Thanks, Miss Matheson, for linking to the column I wrote for Gapers Block.com about fresh chickpeas. Just about any recipe that uses canned chickpeas can have fresh ones substituted. Fresh their texture tends to be smoother and less grainy. The pods aren't hard to remove, but they're easier if you steam them first for 15-30 minutes, depending on how soft you want the peas to be. They boil and become al dente at about the same time it takes to boil most thicker pasta, so you can add them to the water at the same time as the pasta to cook them. This likely does reduce some of the nutritional value, but it is easier than steaming them separately.

You can also steam the pods and sprinkle them with salt and a little chili pepper if you like spicy food and then eat them like edamame. They puree very well so they make a great addition to smooth soups. And even when they're raw they're edible, although their texture does improve if they're cooked lightly at least. And they'll last for a week in your refrigerator in an open plastic bag. As long as they don't get moldy, due to too much humidity, the worst that will happen is they'll dry out a bit and require a slightly longer cooking time. Enjoy them. They're totally worth the work.
posted by cinnachick at 3:11 PM on May 5, 2010


Holy crap this all sounds so awesome, I am totally going to Fiesta tomorrow. Thanks for the tip, fontophilic!

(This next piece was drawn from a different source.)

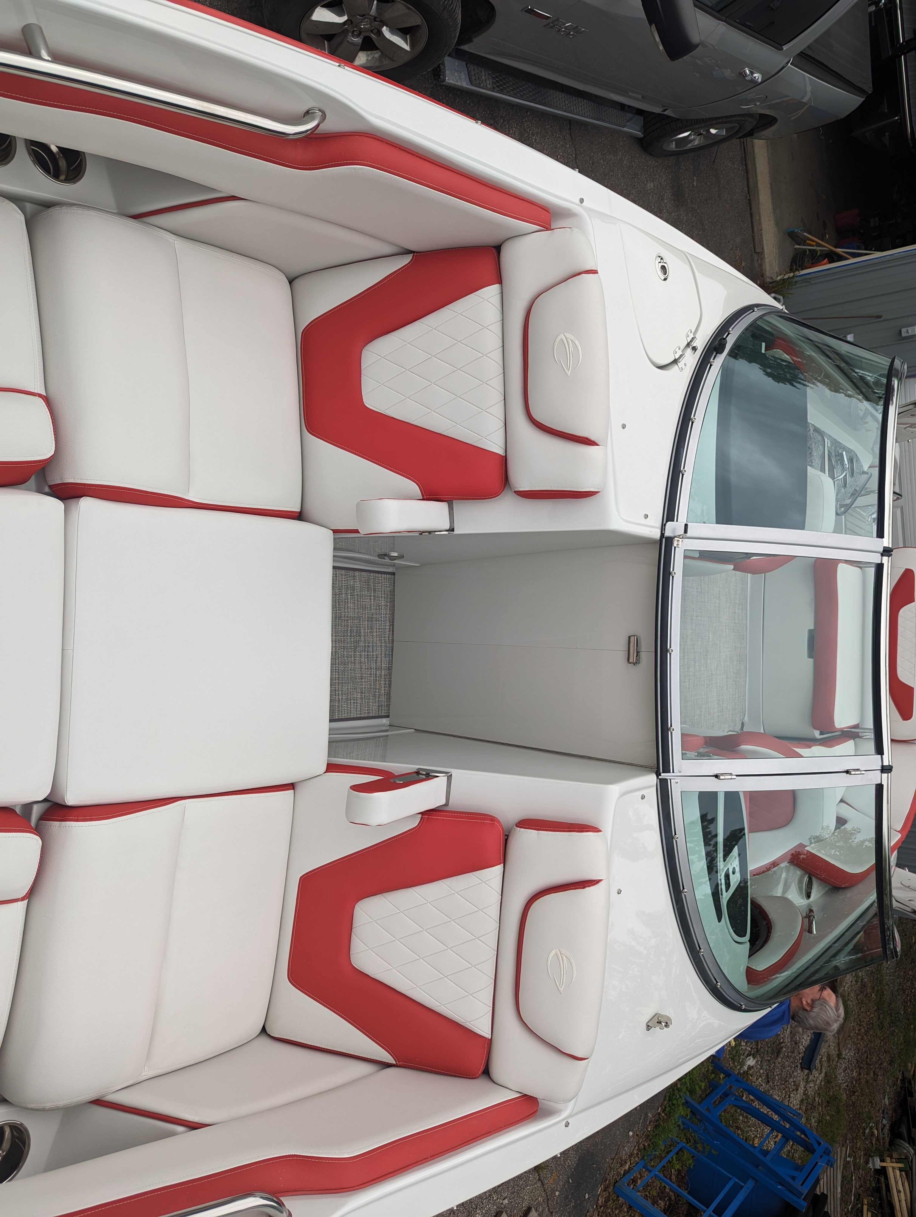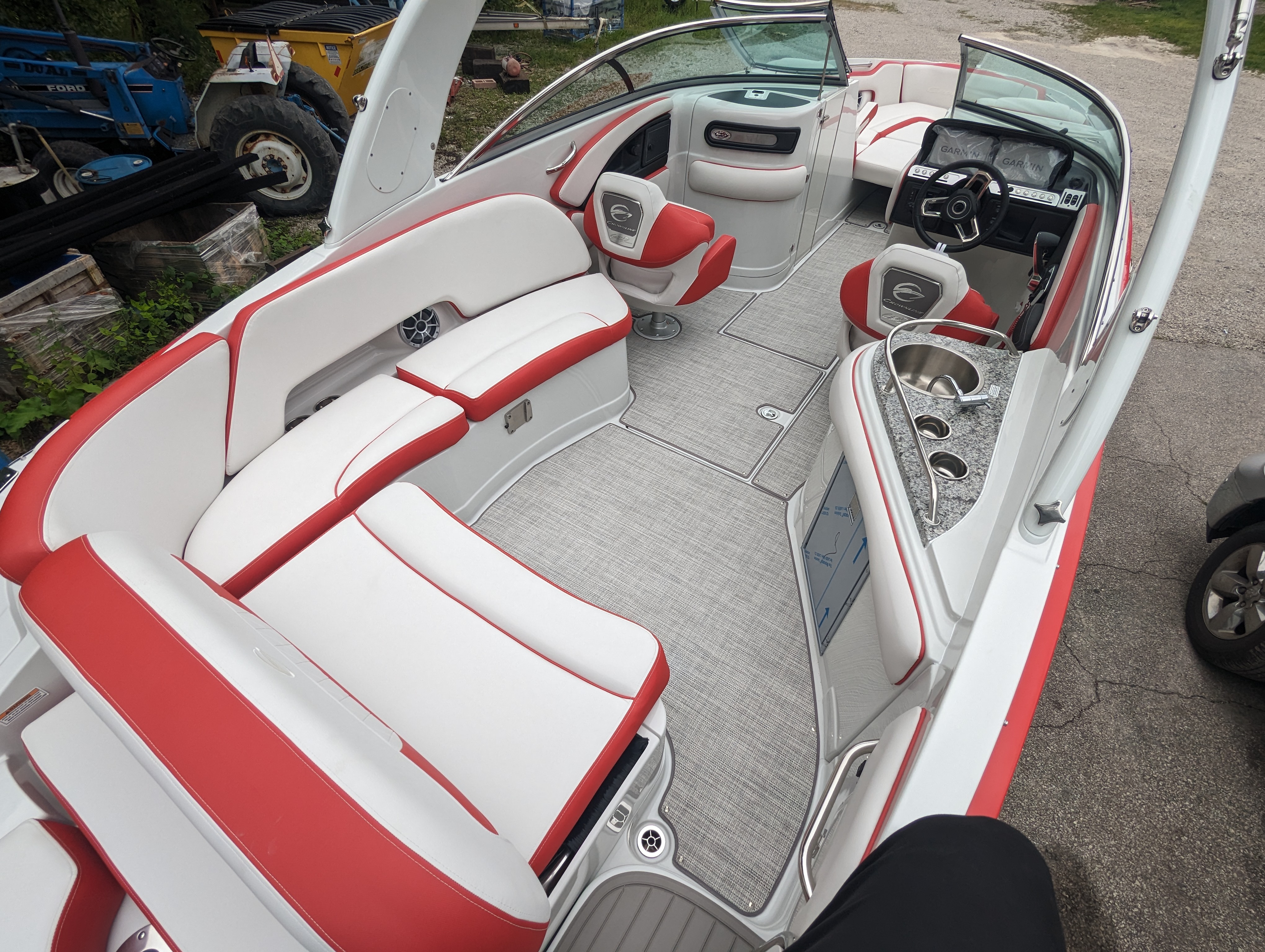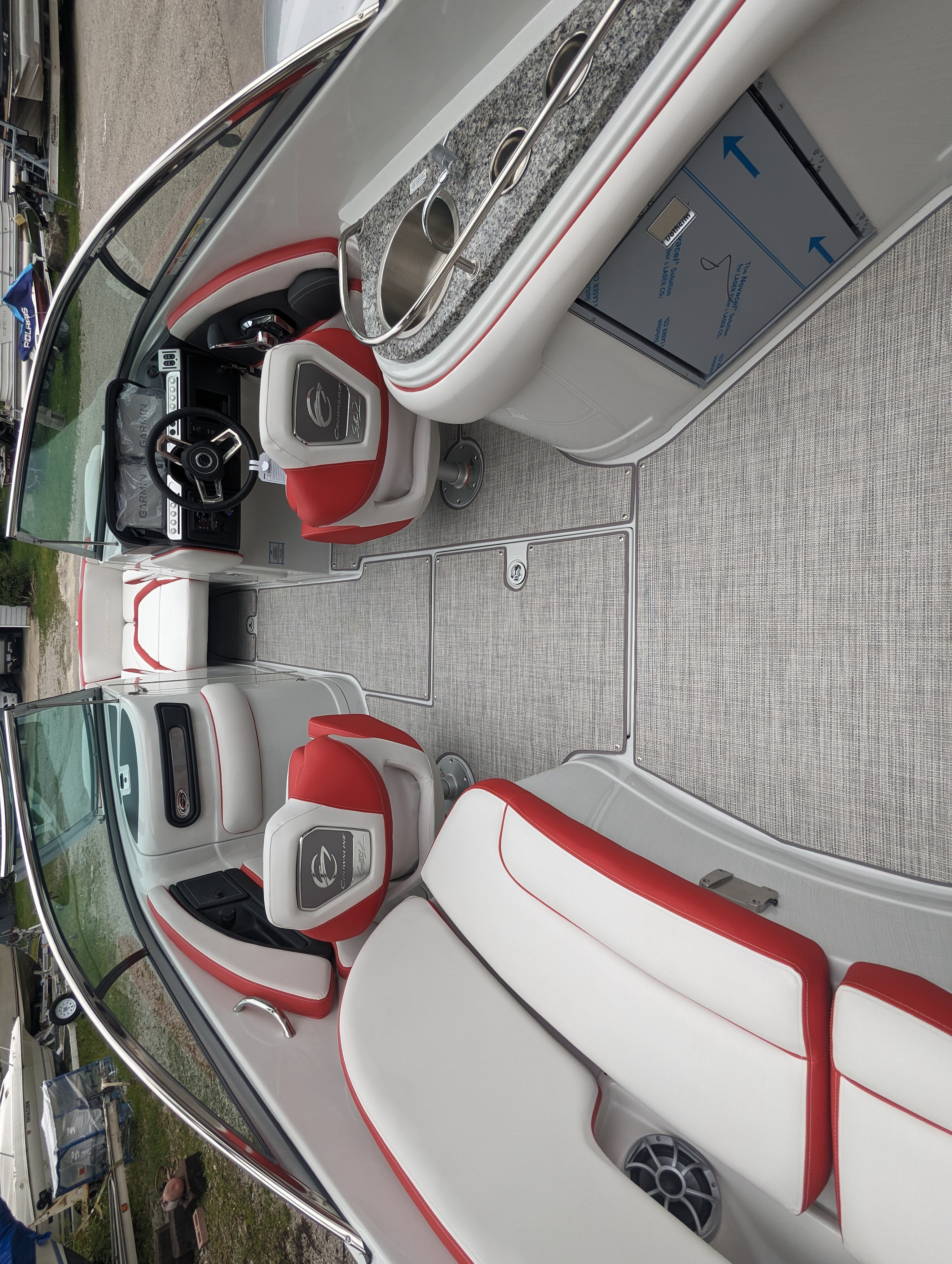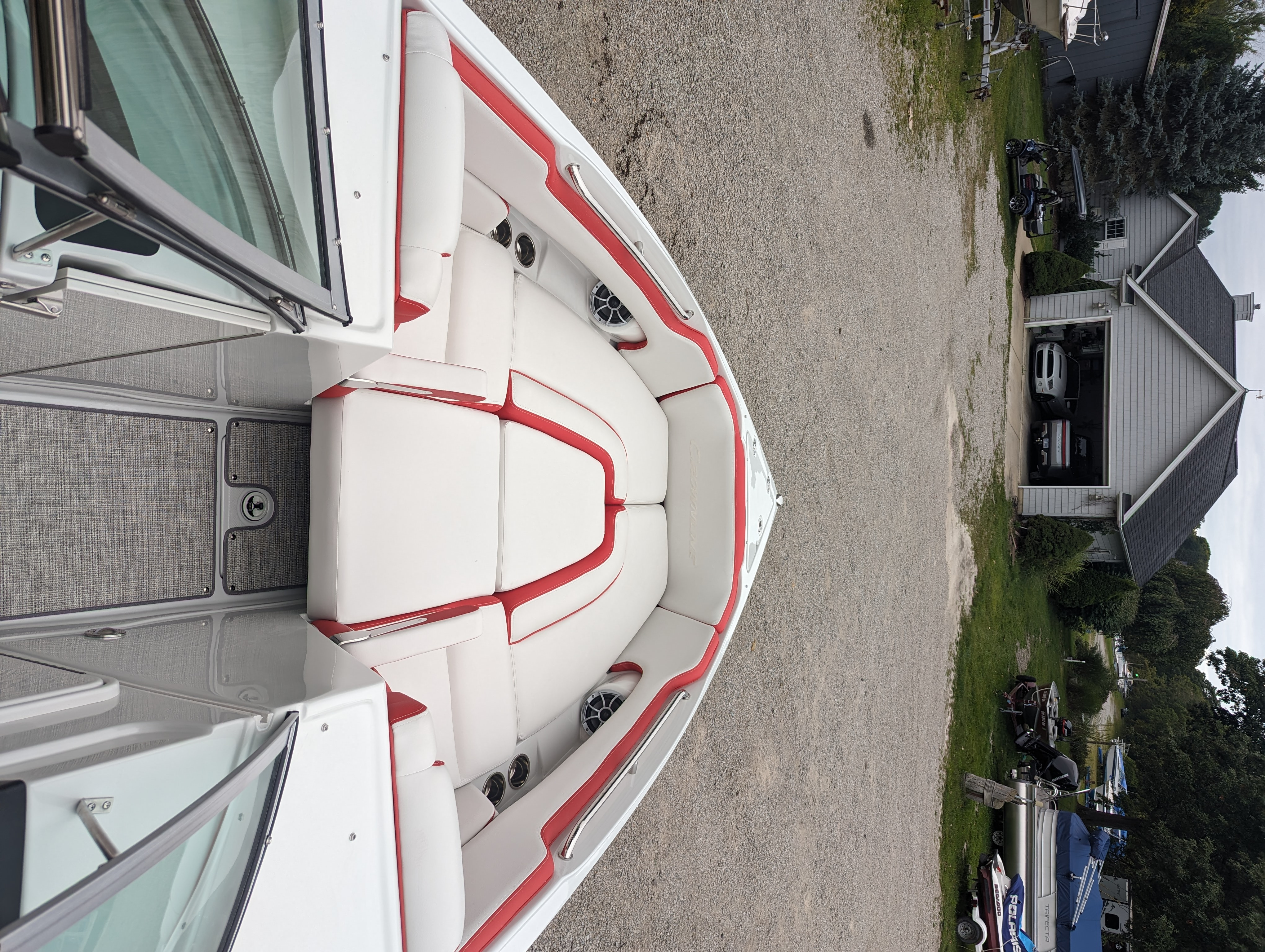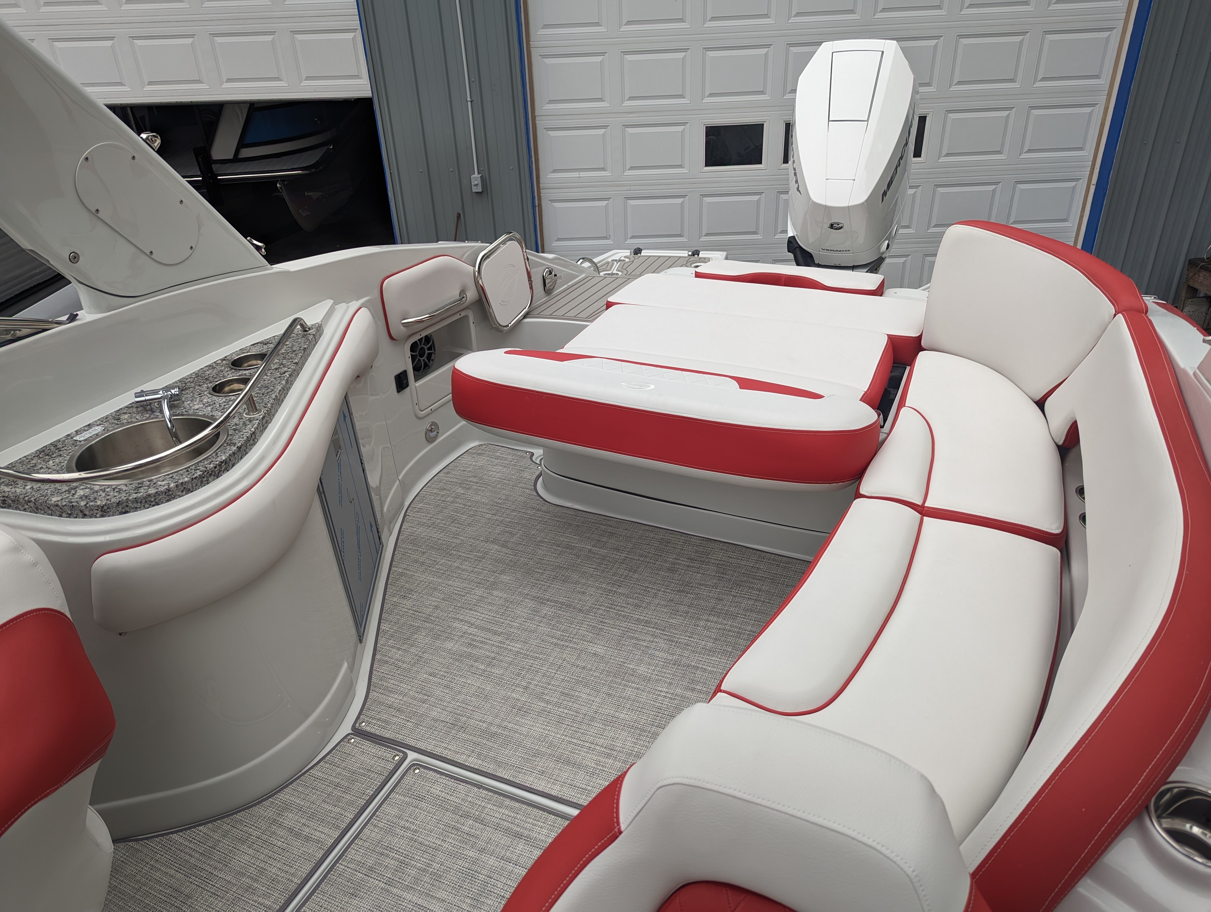 This beautiful deluxe boat, with 400 HP is Red and White. It includes color matched interior, galley with granite top, sink & fridge, black stitch & Stainless Dash, Bow & Cockpit Cover, Bow Filler Cushions, Fender Clips, Ski Tow Pylon-Motor, White & Stainless Prop and the Aluminum Trailer.

I think hummus would be great - but pretty standard. If you are into Indian food, you could try making some chana masala, or some other chick pea curries.
posted by theRussian at 9:42 PM on May 5, 2010


Fresh chickpeas make a delicious snack if roasted over an open fire when still in their pods. The traditional way is to take an entire bush and set fire to it, but I usually put the pods in a metal sieve that can take it, and roast them over a gas flame. When they're nice and charred and the pods are thoroughly blackened, peel with your fingers and eat hot. I like them plain, but you can season them with (eg) lime juice, chili powder, salt. Delicious.